Riders Stood Up for Muslim Women on Subway: Straphanger

One rider told the harasser "it's time for you to leave these women alone, Sir."

Subway riders stood up for a pair of Muslim women after they were allegedly harassed by a man who called them "terrorist foreigners" in the days after the mass shooting at a Florida nightclub.

Amaira Hasan, a rider on the train who is also Muslim but not among the women who was harassed, said in a Facebook post that the man set on two women in hijabs on the F train in Queens on Monday morning, telling them to go back to their country and accusing them of having bombs. 

Hasan said that everyone on the train "erupted in anger" when they heard the man, who the Daily News reported was pushing a baby in a stroller. Hasan told the News that the man talked about how "Donald Trump is right" and that several people -- including a man who said he was a Romanian immigrant, a black man and a gay man -- challenged the man's stances.

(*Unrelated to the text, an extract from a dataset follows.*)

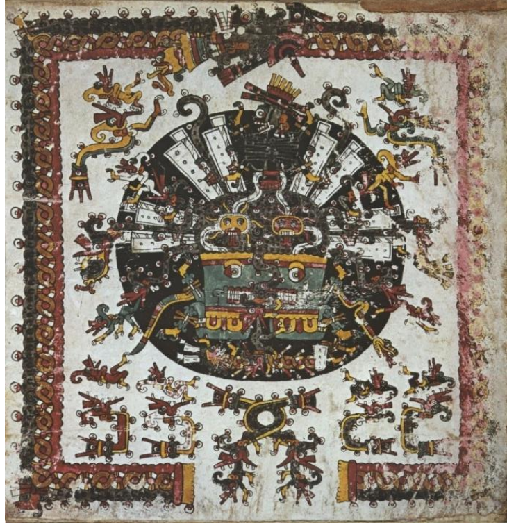
Fig 7. Una impresionante escena del inframundo. Anders, Jansen y Reyes (eds.), Códice Borgia , fol. 29

Eventually, another straphanger got the man to stop his rant by saying, "This is New York City. The most diverse place in the world. And in New York, we protect our own and we don't give a f--- what anyone looks like or who they love, or any of those things. It's time for you to leave these women alone, Sir."

The man got off at the next stop as straphangers cheered, Hasan said. 

"I say all this to say that in light of all the bad happening around us, remember that there's so much good and so much love," she wrote.

Hasan's post garnered more than 26,000 shares in the days following the interaction. She said in a post Wednesday that the response was "overwhelmingly positive."

"It's nice to know that among all the horrible rhetoric that's floating around right now, especially about Muslims, this is floating around, too," she said in the second post.